Prudential Financial, Inc.
Notes to Consolidated Financial Statements
8. Policyholders’ Liabilities (continued)
The accident and health reinsurance recoverable balance at December 31, 2001, 2000 and 1999 includes $117 million, $239 million and $371 million, respectively, attributable to the Company’s discontinued healthcare business. The accident and health balance at January 1, 1999 includes $1,026 million attributable to the Company’s discontinued healthcare business.
The unpaid claims and claim adjustment expenses presented above include estimates for liabilities associated with reported claims and for incurred but not reported claims based, in part, on the Company’s experience. Changes in the estimated cost to settle unpaid claims are charged or credited to the Consolidated Statements of Operations periodically as the estimates are revised. Accident and health unpaid claims liabilities are discounted using interest rates ranging from 3.5% to 7.5%.
The amounts incurred for claims and claim adjustment expenses for property and casualty related to prior years were primarily driven by lower than anticipated losses for the auto line of business. The amounts incurred for claims and claim adjustment expenses for accident and health related to prior years were primarily due to improved long- term disability claim termination experience.
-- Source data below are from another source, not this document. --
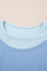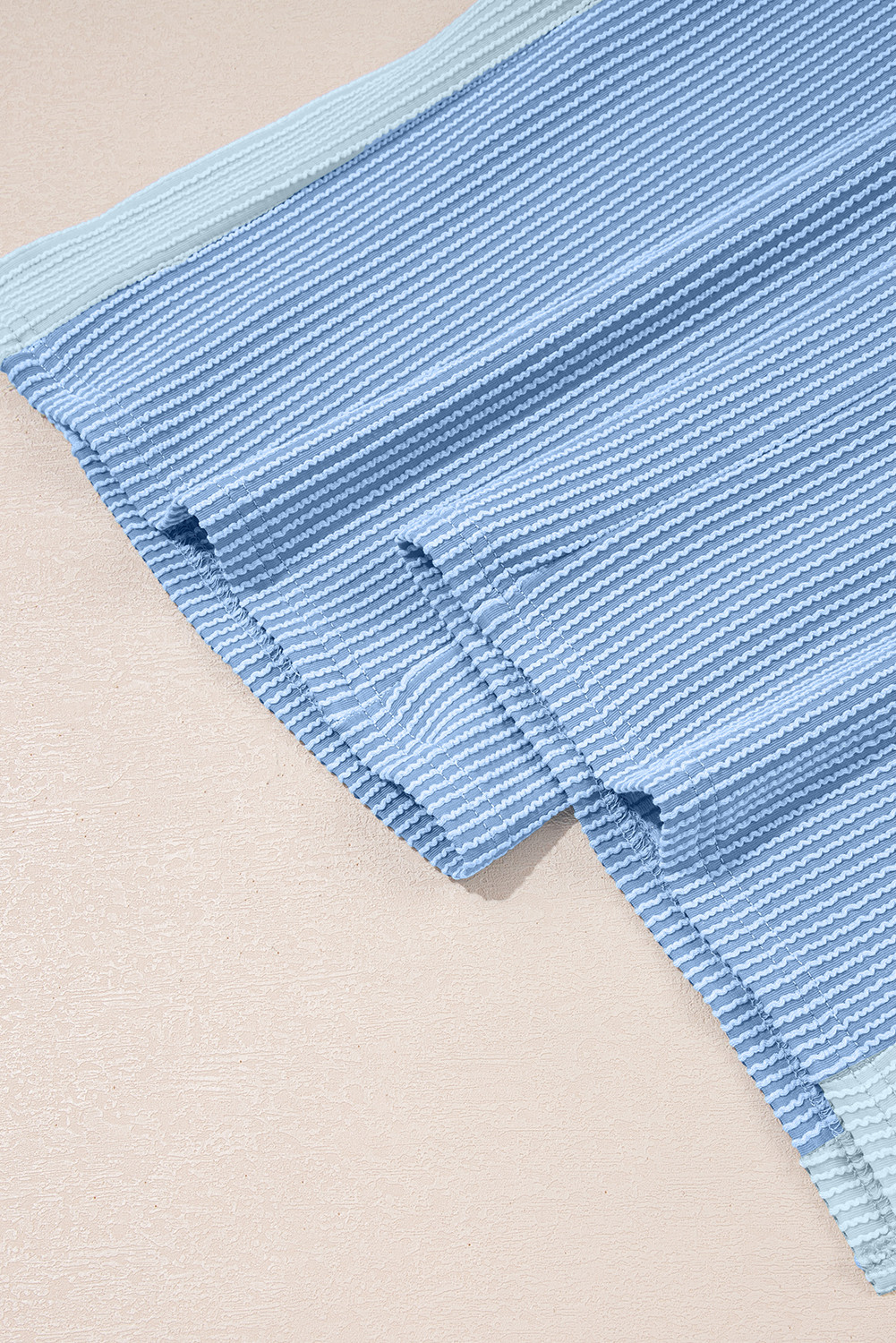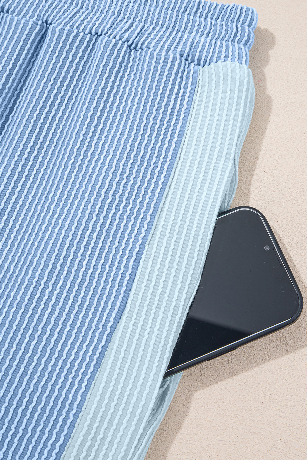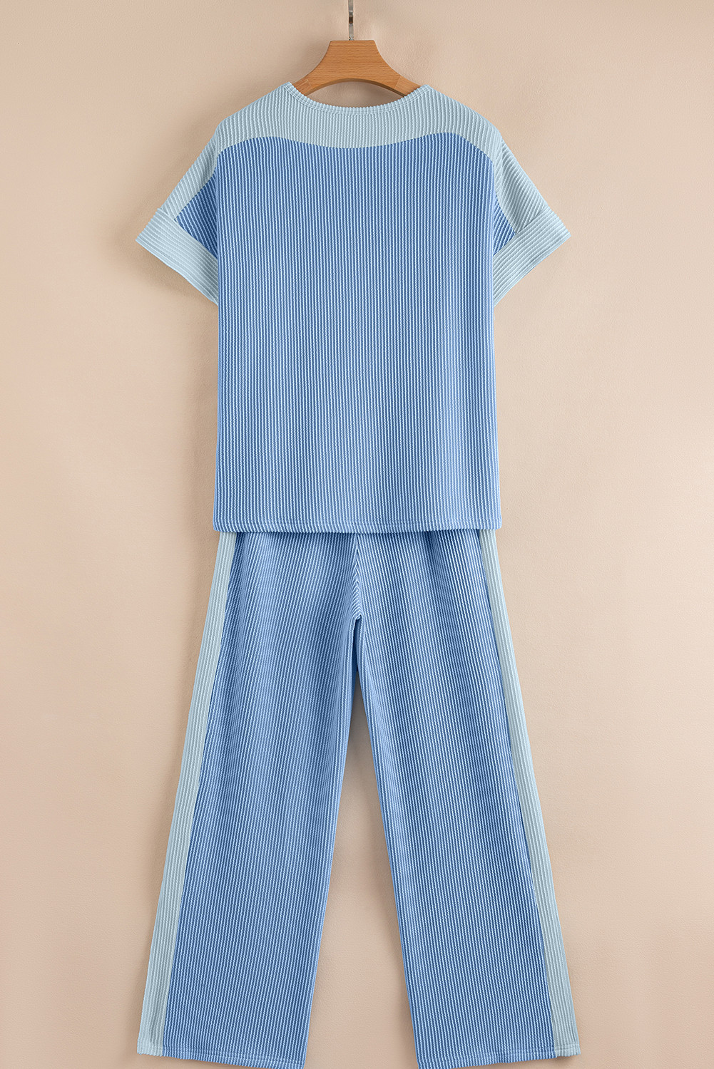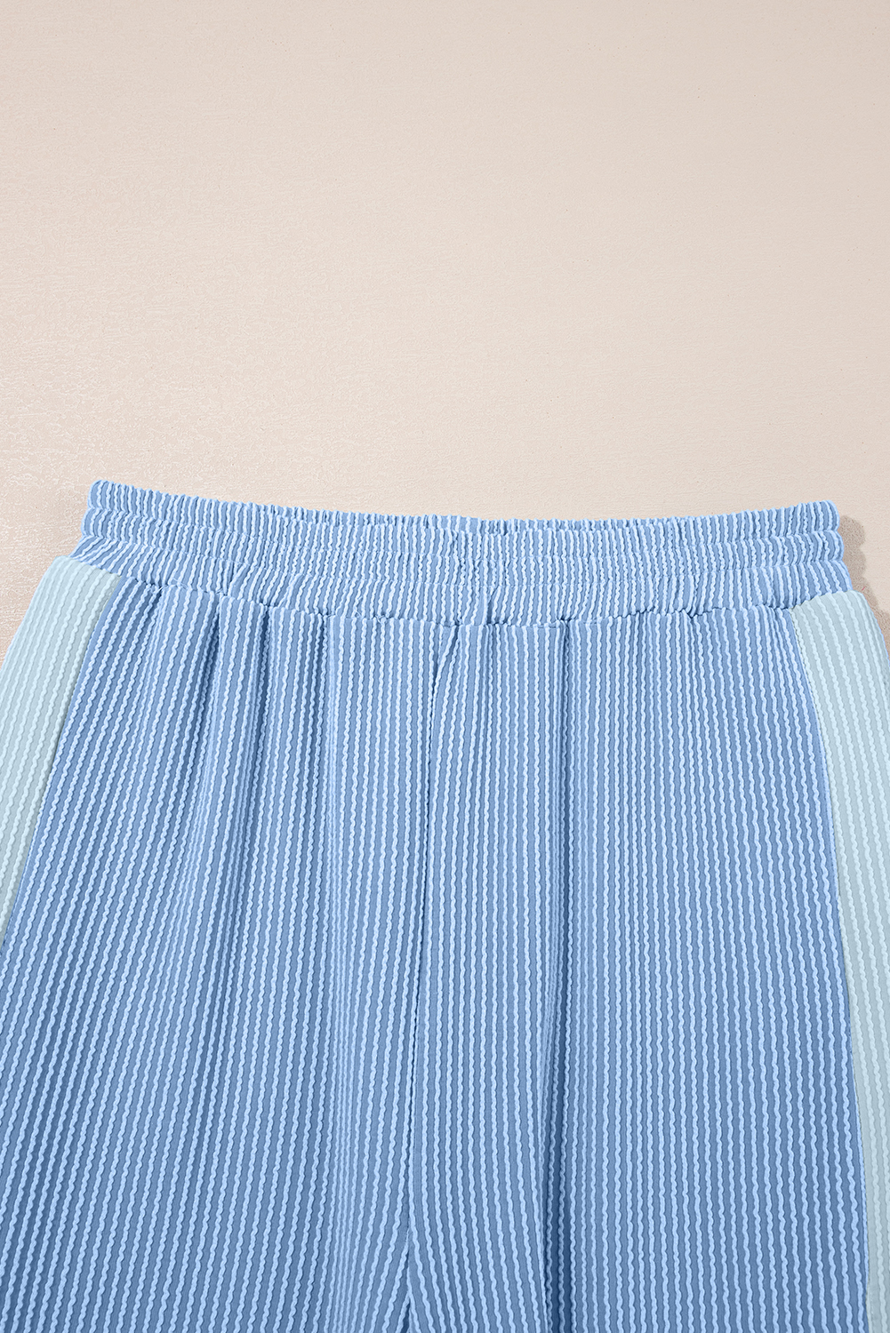 Sky Blue 2-tone Colorblock Patchwork Corded 2pcs Outfit
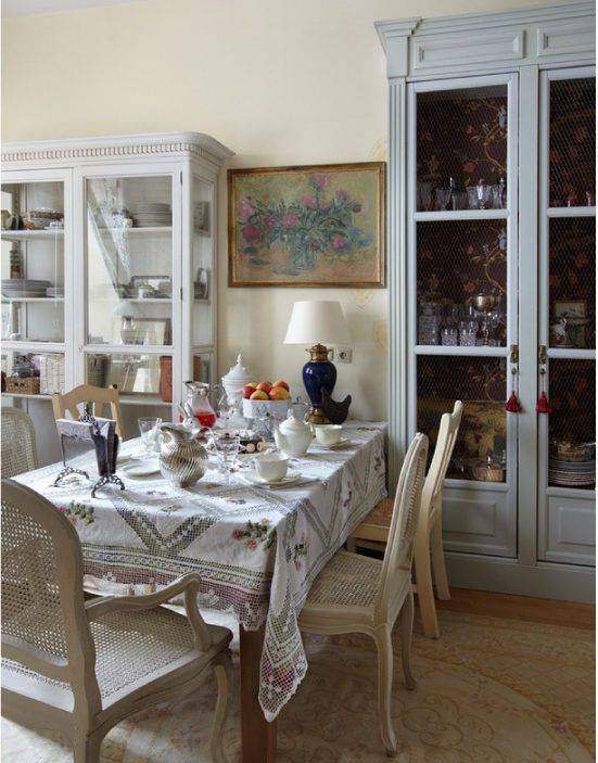 В интерьер включается старая и антикварная мебель. Украшение лоскутными одеялами, скатертями и салфетками ручной работы, удобные подушечки, рукодельницам это направление дает полностью себя проявить.
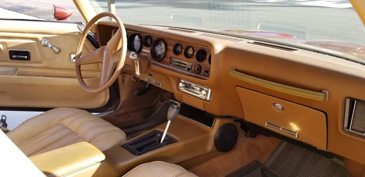 My college car! Same color scheme inside and out. Only a couple little nits to pick…the grille nacelles would not have been entirely black, and on my 76 the steering wheel was not a three spoke, standard Pontiac. That interior was indeed a bear to keep clean, and my pale carpet turned to a dreadful mustard yellow after a few years.
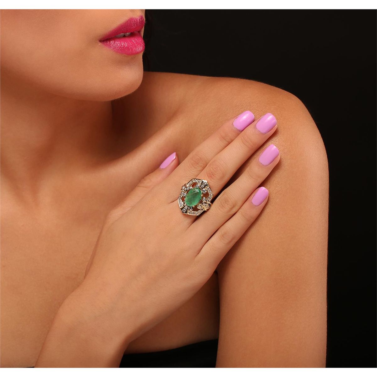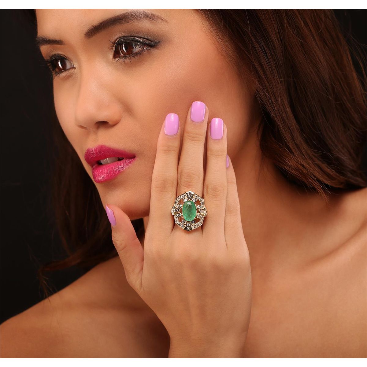 One electronically tested 14KT Yellow Gold ladies cast emerald and diamond ring with a bright polish finish. Condition is new, good workmanship. The featured emerald is set within a stylized diamond set frame supported by tapering shoulders, completed by a three millimeter wide band. Identified with markings of "14K". Containing: One prong set oval mixed cut natural emerald, measuring 12.90 x 9.00 x 5.40mm, 6%. bulge factor, approximate total weight of 3.73ct., clarity is heavily included, type III, medium, very slightly grayish, very slightly bluish green color, (GIA vslbG 5/3), cut is Good. Transmitting light with a minimum of distortion, transparent to translucent. Naturally occurring internal & external characteristics are present. Indications of oil residue. Graded in the setting. Thirty-Six prong and bezel set round brilliant cut diamonds, measuring 1.80 - 1.70 x 1.05mm (depth est.) approximate total weight of 36 Stones = 0.82ct. Faint secondary color throughout. Graded in the setting. Clarity: SI-1 to I-1. Color: I - K. Total Weight of Colored Stones 3.73ct. Total Weight of Diamonds 0.82ct. Total Weight of Ring 8.80 grams. AIG Appraised at $9,445.00.

Effective with demutualization, the Company adopted the American Institute of Certified Public Accountants Statement of Position (“SOP”) 00-3, “Accounting by Insurance Enterprises for Demutualizations and Formations of Mutual Insurance Holding Companies and For Certain Long-Duration Participating Contracts.” SOP 00-3 addresses financial statement presentation and accounting for certain participating policies after demutualization, accounting for demutualization expenses, and accounting for retained earnings and other comprehensive income at the date of demutualization.
On the date of demutualization, Prudential Insurance established a Closed Block for certain individual life insurance policies and annuities issued by Prudential Insurance in the United States. The Closed Block forms the principal component of the Closed Block Business. For a discussion of the Closed Block Business see Note 20. The Company established a separate closed block for participating individual life insurance policies issued by the Canadian branch of Prudential Insurance. Because of the substantially smaller number of outstanding Canadian policies, this separate closed block is insignificant in size and is not included in the information presented below.
The policies included in the Closed Block are specified individual life insurance policies and individual annuity contracts that were in force on the effective date of the Plan of Reorganization and for which Prudential Insurance is currently paying or expects to pay experience-based policy dividends. Assets have been allocated to the Closed Block in an amount that has been determined to produce cash flows which, together with revenues from policies included in the Closed Block, are expected to be sufficient to support obligations and liabilities relating to these policies, including provision for payment of benefits, certain expenses, and taxes and to provide for continuation of the policyholder dividend scales in effect in 2000, assuming experience underlying such scales continues. To the extent that, over time, cash flows from the assets allocated to the Closed Block and claims and other experience related to the Closed Block are, in the aggregate, more or less favorable than what was assumed when the Closed Block was established, total dividends paid to Closed Block policyholders in the future may be greater than or less than the total dividends that would have been paid to these policyholders if the policyholder dividend scales in effect in 2000 had been continued. Any cash flows in excess of amounts assumed will be available for distribution over time to Closed Block policyholders and will not be available to stockholders. If the Closed Block has insufficient funds to make guaranteed policy benefit payments, such payments will be made from assets outside of the Closed Block. The Closed Block will continue in effect as long as any policy in the Closed Block remains in force unless, with the consent of the New Jersey insurance regulator, it is terminated earlier.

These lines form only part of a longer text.